Omenclad
A Prophecy in Four Tolls
They gathered where the treeline split like ribs
beneath the sky’s bruised and blistered lip—
a hollow ground the old maps never drew,
where stars hung heavy with unfinished truths.
The wind arrived before the sound,
a hush so sharp it carved the trees,
and in its breath, the watchers heard
a rustle stitched with centuries.
A child in black, with eyes like soot,
drew circles where the frost had stood.
Their breath hung still.

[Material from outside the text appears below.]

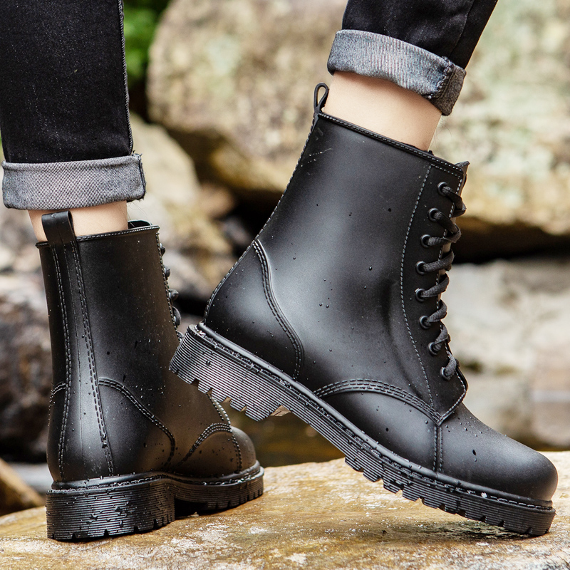 Couple Rain Shoes Men's Low Help Korean version Fashion Water Shoes Anti-slip Lace Rubber Shoes Woman Spring Summer Short Drum Set Shoes Waterproof Footwear Male
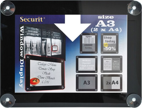 Plastový rámček na sklo slúži k jednoduchému vyveseniu vytlačených informácií na sklo (napríklad informácie o otváracích hodinách…). Rámček má z oboch strán priesvitnú dosku a vytlačené papiere se do nej jednoducho vkládajú nasunutím. Prichytenie na sklo zaisťujú 4 prísavky. Farba: Čierna Rozmery: 39 x 52 cm

They scratched a rune.
Then, gently, spoke a haunting tune:
“When the mirror bites the moon,
shadows stir and silence swoons.”
No voice had spoken, yet all heard the line,
etched in marrow, not in air.
A child wept salt though they hadn’t cried—
just blinked once, and the night grew bare.
The elders knelt with splintered grace,
their prayers unsaid, their mouths sewn tight,
for in the lore of fractured days,
to name the dark was to feed its bite.
A sparrow spun above the field,
then faltered, spiraled, screaming steel—
its wings like pages torn mid-sentence,
its feathers black with time unkind.
A second child, with bloodied thread,
hung feathers from a branch long dead.
They kissed the bark and faced the wind,
and chanted low, with lifted chin:
“When the sparrow’s eye goes blind,
wicked winds are close behind.”
The sky began to boil inward.
Flesh forgot how warmth was spelled.
And even fire, in its arrogance,
shivered like a child compelled.
A widow’s ring cracked on her hand.
A prophet drowned in blessed wine.
And in the chapel built on ash,
the choir sang in reverse time.
Candles bloomed, then cracked and spat,
like vipers tasting bitter blame,
and from their lips of wax and flaque
came a whisper drenched in shame—
A third child knelt by melted wick,
and smeared their tongue with ashes thick.
They clutched a flame with hands ungloved,
and through the pain, they softly shoved:
“When the candle spits its flame,
cruel will speak your name.”
Each name uncoiled like a serpent’s lie,
etched on bones not yet decayed.
The air took notes in funeral tones,
the soil confessed the sins it weighed.
Then came the toll, the final chime—
not metal, but a breathless groan,
as if the world itself had sighed,
and found its house no longer home.
Children dreamt in stranger tongues.
Time split open at the seams.
And every truth the blood had held
leaked into ancestral dreams.
The seers shook, the mountains knelt,
the wolves held sermons in the snow.
Then every door unlatched itself
and whispered to the dark below:
A fourth child stood on fractured stone,
and chewed the rind of bone unknown.
With hollow breath, they raised one thumb,
and sang as if the end had come:
“When the thirteenth bell has rung,
death will taste the sinner’s tongue.”
And when the fourth child’s voice fell still,
the wind forgot the shape of will.
The watchers turned—but saw no sky,
just endless dusk where stars don’t die.
The mirrors cracked in every home.
The fields grew salt. The roots grew bone.
No name remained that wasn’t burned.
No prayer returned. No hour turned.
The thirteenth chime now haunts the air—
a silent mark on all who dare.
And far beneath the world they tread,
four children sit… and dream the dead.